Fall 2000, CSE 468:
Lecture 5 (Sep 6)
The notions of Alphabet, string, and language
Alphabet
An alphabet A is any (finite) set of symbols. Examples: {a,b,c},
the English alphabet {a,b,c,...,z}, the alphabet of digits
{0,1,2,...,9}, etc.
String
A string is a finit sequence of symbols of the given alphabet.

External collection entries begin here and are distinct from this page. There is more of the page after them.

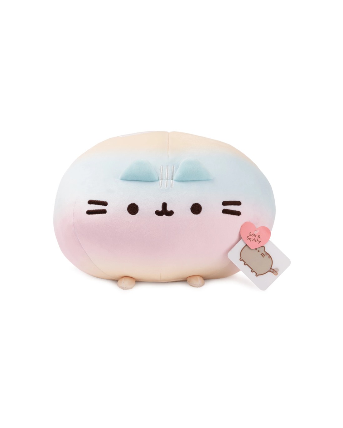Pusheen is here as a round, delightfully squishy Squisheen! Made from a super-soft elastic fabric, this round pastel rainbow ombre Pusheen plush features Pusheen's signature smile, paws and tail, all in a huggable round shape. Multi-coloured and surface-washable for easy cleaning. Appropriate for ages 8 and up. Each Pusheen Squisheen plush ships in a protective poly bag.
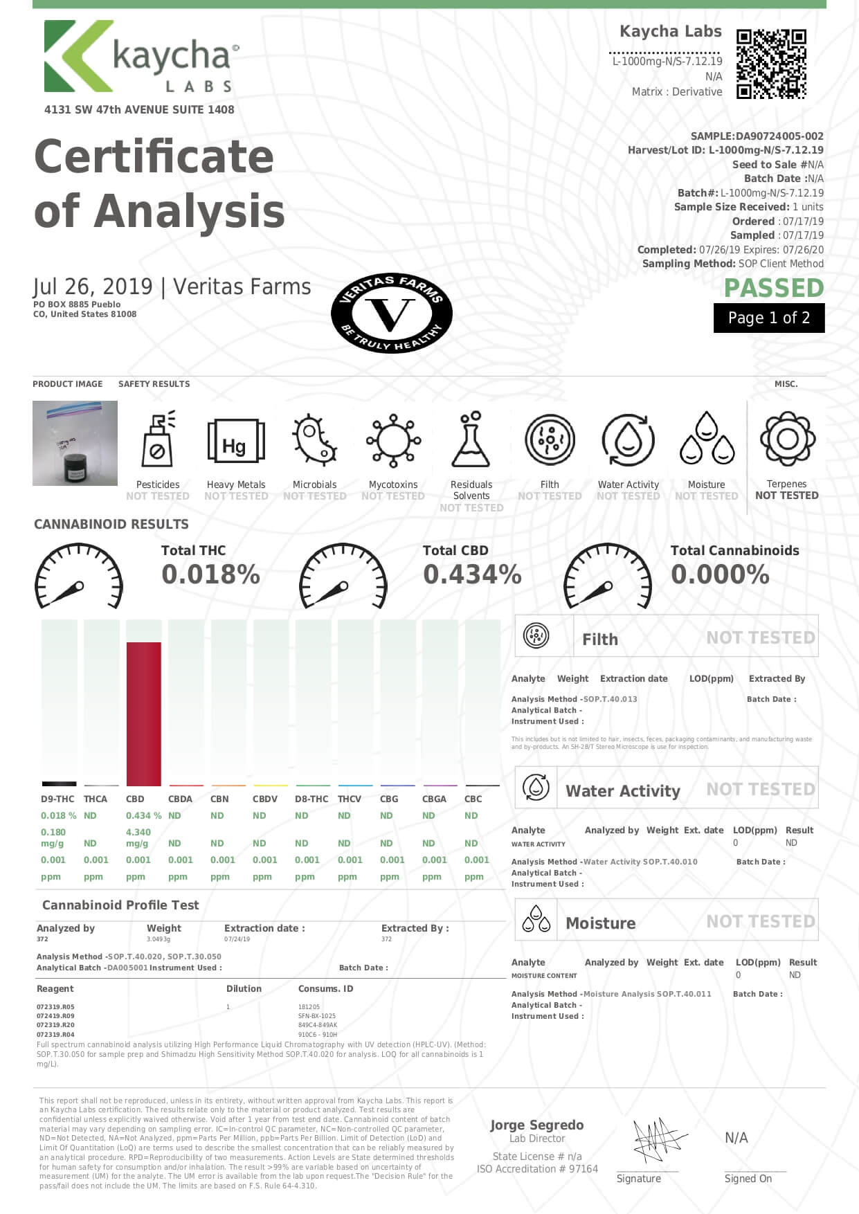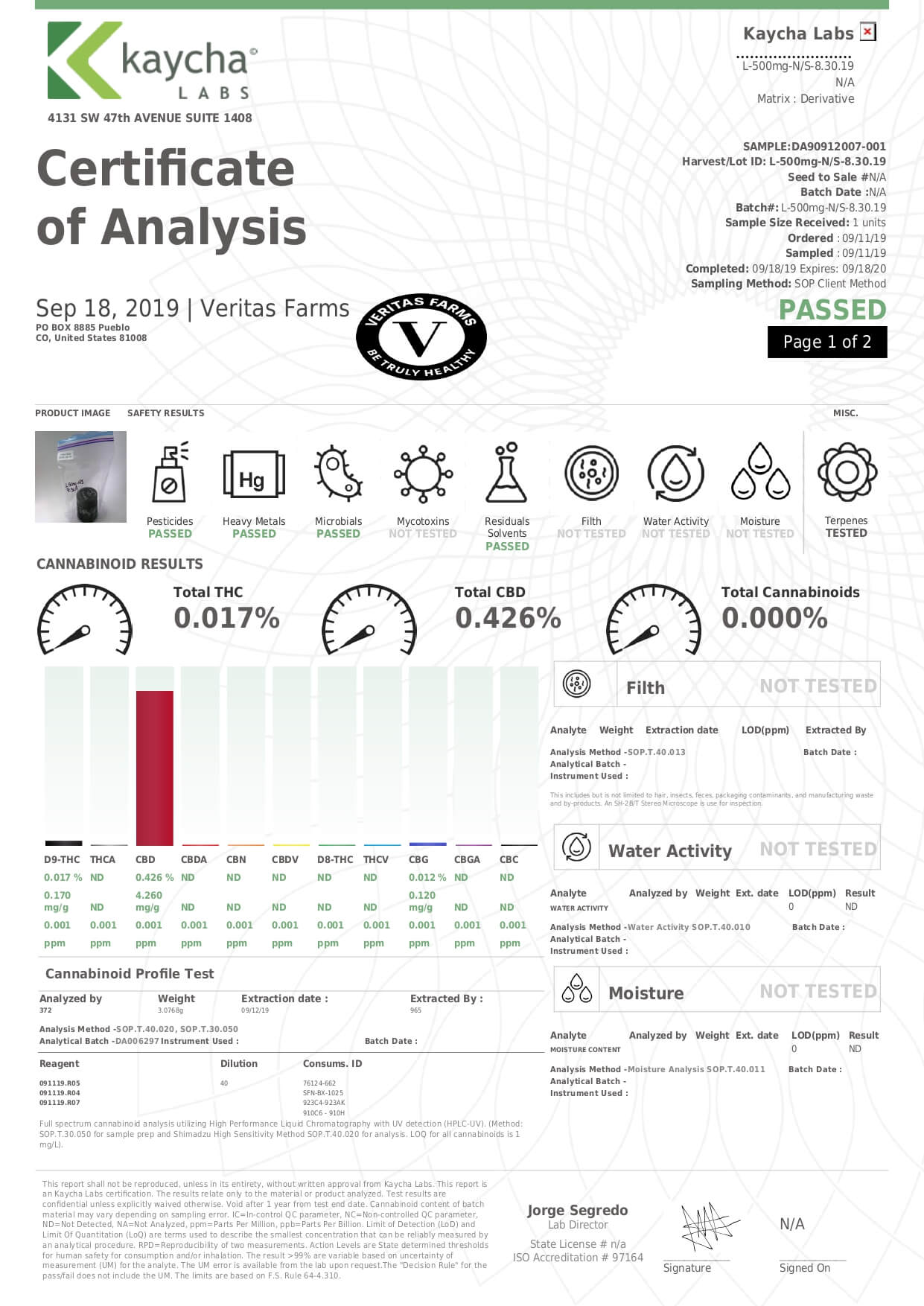 Veritas Farms CBD Topical Full Spectrum Unscented Lotion Lab Report important details about vaping products.
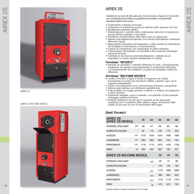 Caldaia in acciaio di alto spessore, funzionante a legna in tronchetti,
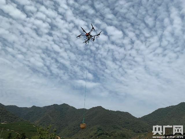 無(wú)人機(jī)運(yùn)送茶葉(央廣網(wǎng)發(fā) 曹露浩攝)
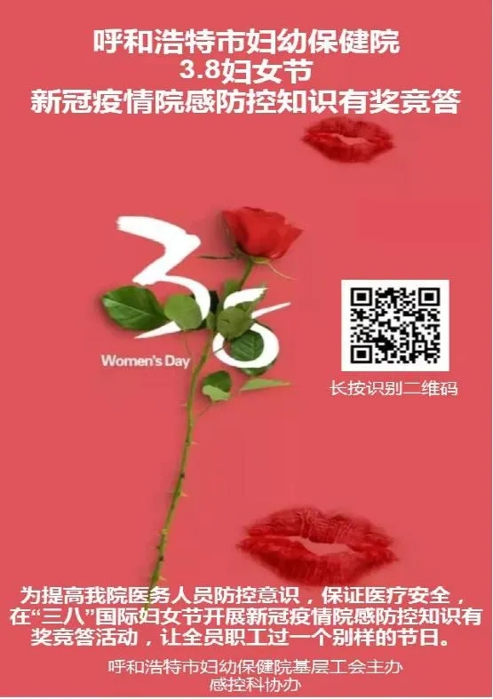 为着力提升医务人员疫情防控防治业务水平和自我防护意识,凝心聚力打赢打好新冠肺炎疫情防控阻击战。3月4日,在“三八”国际妇女节即将到来之际,呼市妇幼保健院工会协同感控科结合当前形势,组织女职工举办了以“疫情防控 你我同行”为主题的疫情防控线上知识竞赛。

Examples: lambda (the empty string), a, ab, aba, etc.
String concatenation
If x and y are strings, then xy is the string obtained
by concatenating x and y (first x then y). Example:
if x = ab and y = bc, then
xy = abbc.
Length of a string
The length of a string x, which we will denote by |x|, is the
number of symbols occurring in x, counting the repetitions of the same symbol.
Example: |abbc| = 4.
Language
A language is any set of strings on the given alphabet. Example:
L = {lambda, a, ab, abcaa}.
Language concatenation
If L1 and L2 are languages,
then we define
L1L2 = {x1x2 |
x1 is in L1, x2 is in
L2}
Exponential and Kleene's star
The exponential is defined inductively (or recursively) in the following way
L0 = {lambda}
Ln+1 = LnL
Note that the concatenation is associative, hence we could have
equivalently defined Ln+1 = LLn.
The star is defined as follows
L* = the union of all Ln for n greater than or equal to 0
Sometimes we want to exclude L0 from this construction,
therefore we define also
L+ = the union of all Ln for n greater than or equal to 1
Note that the set of all strings in a alphabet A is A*.
Definition of languages
The first part of the course will focus
on the formal definition of languages (i.e. the formal specification of
a particular language as a particular set of strings), the
study of properties of a language, and the recognition of
the strings of a language.
We will start with the class of regular languages, which are rather simple
from the point of view of definition and recognition,
but yet interesting, in the sense that they can be infinite
and can contain strings of arbitrary length.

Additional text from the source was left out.